God sent forth Jesus as a proptiatory (mercy seat) offering that expiates our sin due to the mercy of God when we repent of our wickedness. The righteousness of Jesus was declared before all men as an example of the standard that God will accept and forgive us our sins if we forsake evil. It is the same message that the prophets of old taught.
Isa 55:7 Let the wicked forsake his way, and the unrighteous man his thoughts: and let him return unto the LORD, and he will have mercy upon him; and to our God, for he will abundantly pardon.
Pro 28:13 He that covereth his sins shall not prosper: but whoso confesseth and forsaketh them shall have mercy.
Mercy is available to any sinner who will forsake their wickedness and turn back to God. Any sinner who will approach God with a true heart and enter into covenant with God via the blood of Christ will be forgiven.
Heb 9:20 Saying, This is the blood of the testament which God hath enjoined unto you.
WHat I am saying is EXACTLY what the Bible teaches. The Bible is in perfect harmony about this. It is men who have perverted this message over hundreds of years of inistitutionalised religion. The modern Christian religion is an utter perversion of the truth.
Jesus warned of massive deception that would come. Look around you at the churches. Pracitcally none of them teach that the old man must be crucified with the associated passions and desires. The cross has been twisted into an abstract provision which people perceive as some kind of cloak for their ongoing inwardly corrupt state.
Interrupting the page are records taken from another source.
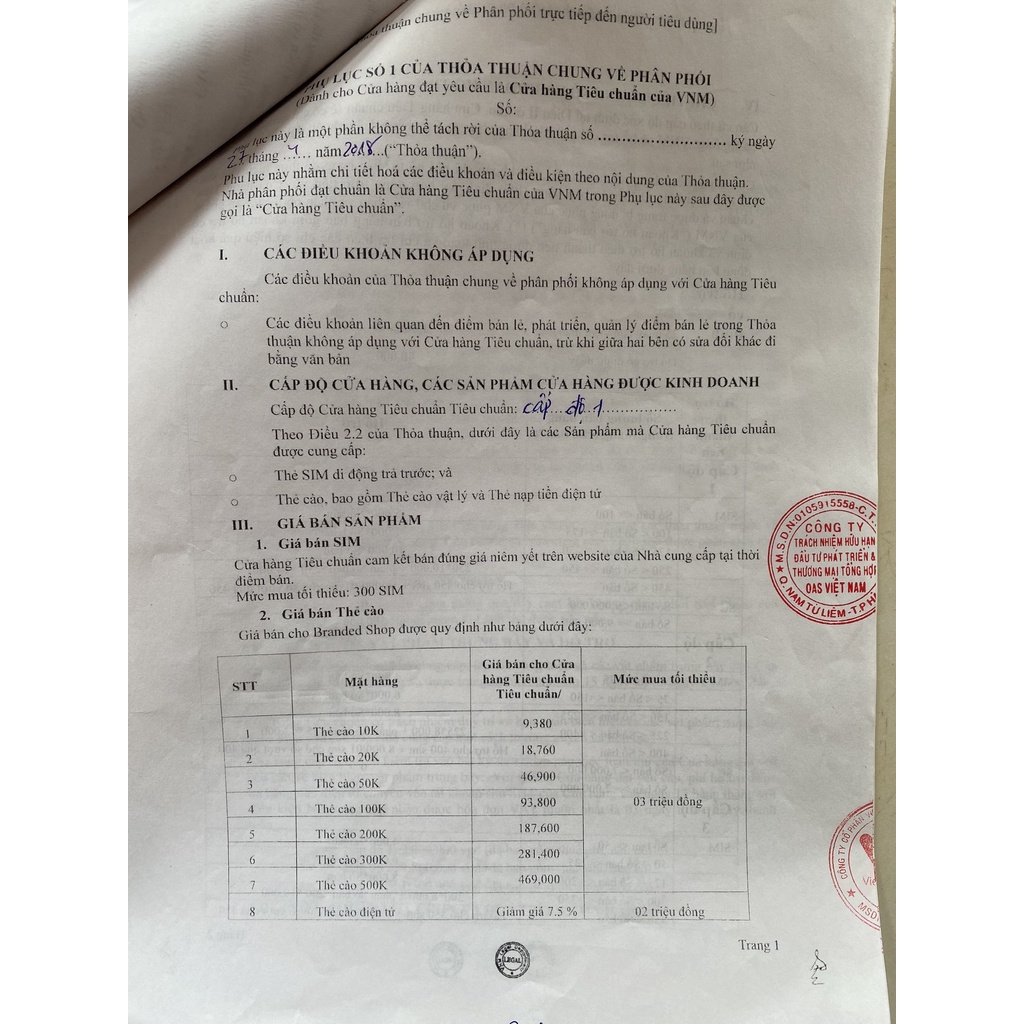 ( Có hợp đồng đi kèm) các sản phẩm dịch vụ viễn thông của Vietnamobile.
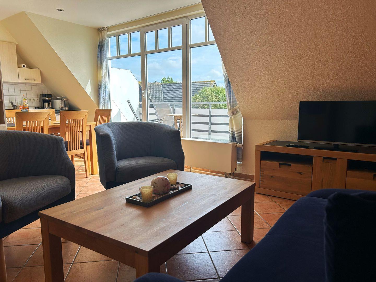 Großzügige 3-Raum-Ferienwohnung in ruhiger Dünenlage nahe Nordbadestrand mit Balkon und moderner Ausstattung.
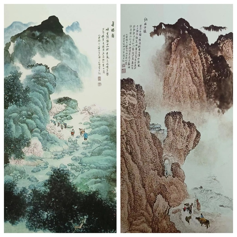 一定是版画出身的华拓血脉中始终沁润着版画的风神,当情感与精力投入于青绿山水时,他自然而然地把版画的精彩汇聚于重彩之中,尤其把黑白的对比方法嫁接于多色、多彩的对比,更显得色彩浑成、恰到好处。从一开始进入国画到倾情国画再到近几十年游刃于青绿山水,华拓因对黑白的敏感表现于青绿山水而得心应手,他善于把版画的黑白关系变通于青绿山水的色温、色调、色差的对比。比如在物象结构、明暗对比、空间层次,以及质感体量等艺术表达方面,他以形、光、色、线的塑形能力,通过灵活而自由地调和大色块之间的微妙变化,进行快面分割,增强某一色相面积、某一明度面积或某一纯度面积来主导画面,让大色块与整体色调融成精妙,形成韵律和节奏,使大色块在的整体氛围之中,既充盈着强烈的视觉力量,又若隐若现,乍合乍离,给观众一种清新明朗,而又充满生机的意境,而且,随境敷彩、随类赋彩,画面或变幻的、或温润的、或浑厚的、或鲜明的、或柔和的、或细腻的……,观者因色彩的变幻而心境升腾,流连忘返。
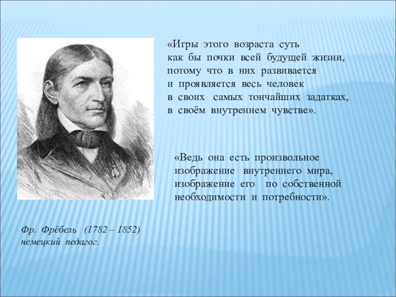 «Дитя, которое играет самодеятельно, спокойно, настойчиво, даже до телесного утомления, непременно сделается таким же способным, спокойным, настойчивым, самоотверженно радеющим о чужом и собственном благе».
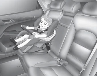 Повернутое назад детское кресло обеспечивает удерживающее устройство с поверхностью для сидения против спины ребенка. система ремней удерживает ребенка в место, а в случае аварии действует на держите ребенка в кресле и снижает нагрузку на шею и спинной мозг.
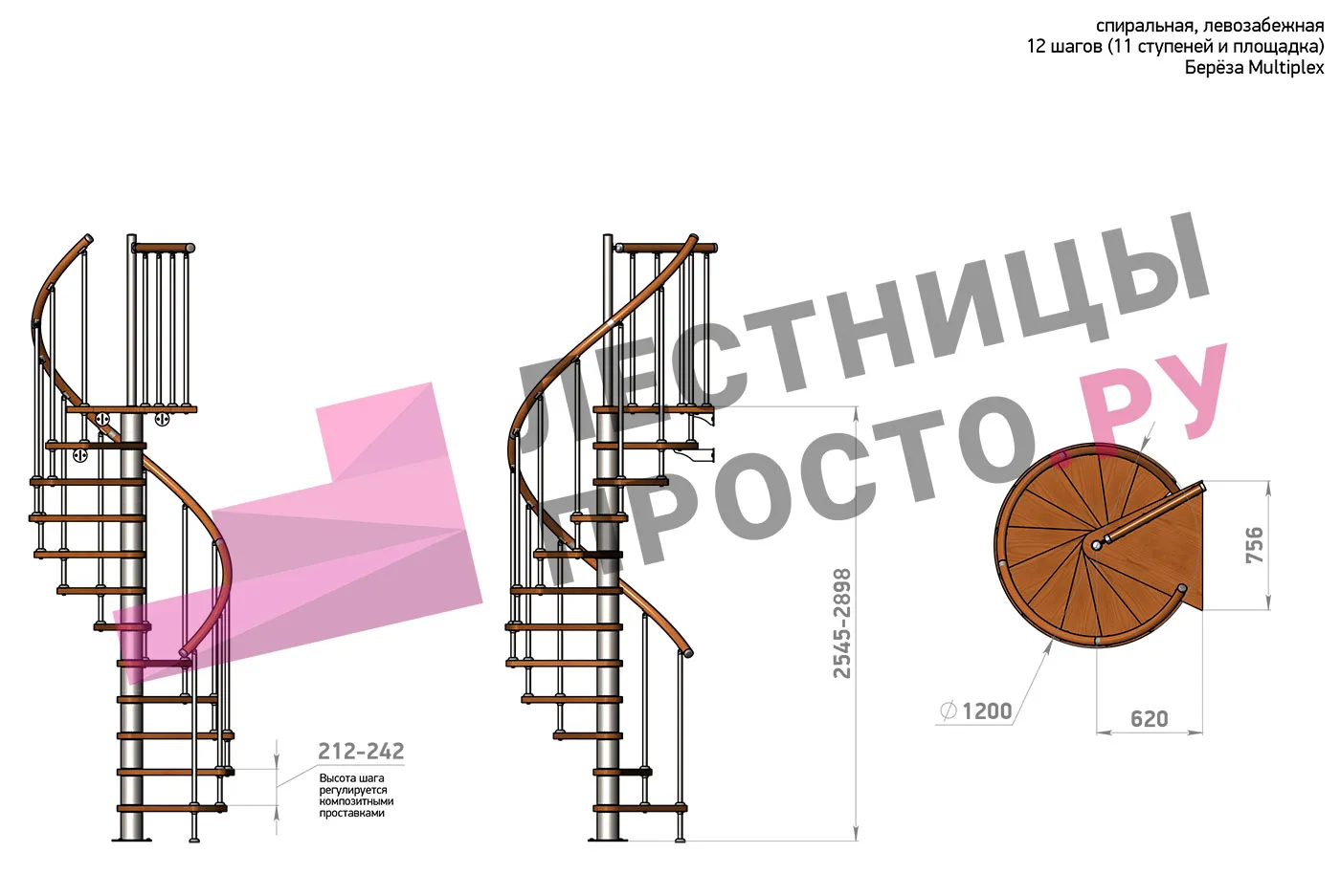 Лестница легко подгоняется по высоте благодаря композитным вставкам в каждом модуле, вариант с 11 ступенями адаптируется под высоту в пределах от 2520 до 2760 мм.

The heart purity which the true Gospel brings has been thrown completely out the window.
Will, you misapply my words with strawman assumptions. You claim that I am implying that the death of Christ was common because I assert that there was no "sin debt paid." There was nothing common about the death of Christ. Jesus was a lamb without blemish, He never sinned one time, and the Father suffered Him to be scorned, tortured and be persecuted by sinful men. In doing so Jesus fulfilled the Scripture and died on our behalf so that we could, through Him, be made the righteousness of God. If we put away the old man, the natural man, the man born of Adam, the man who like Adam rebelled against God, and instead identify ourselved with Jesus Christ by abiding in the Spirit of His life then God will count us a a son of God. Just like Jesus was raised from the dead, from a corruptible body to an incorruptible body we too will be raised up at the last day.
This is what the Bible teaches. The Bible does not teach that salvation and sin mix together. No. The sin must stop. Satan wants people to believe that sin and salvation can operate together because that is the ruin of a man. There is no salvation in sin, only salvation from sin.
Go and sin no more lest a worse thing happen to you. That is what Jesus said and He meant it. The sin must stop.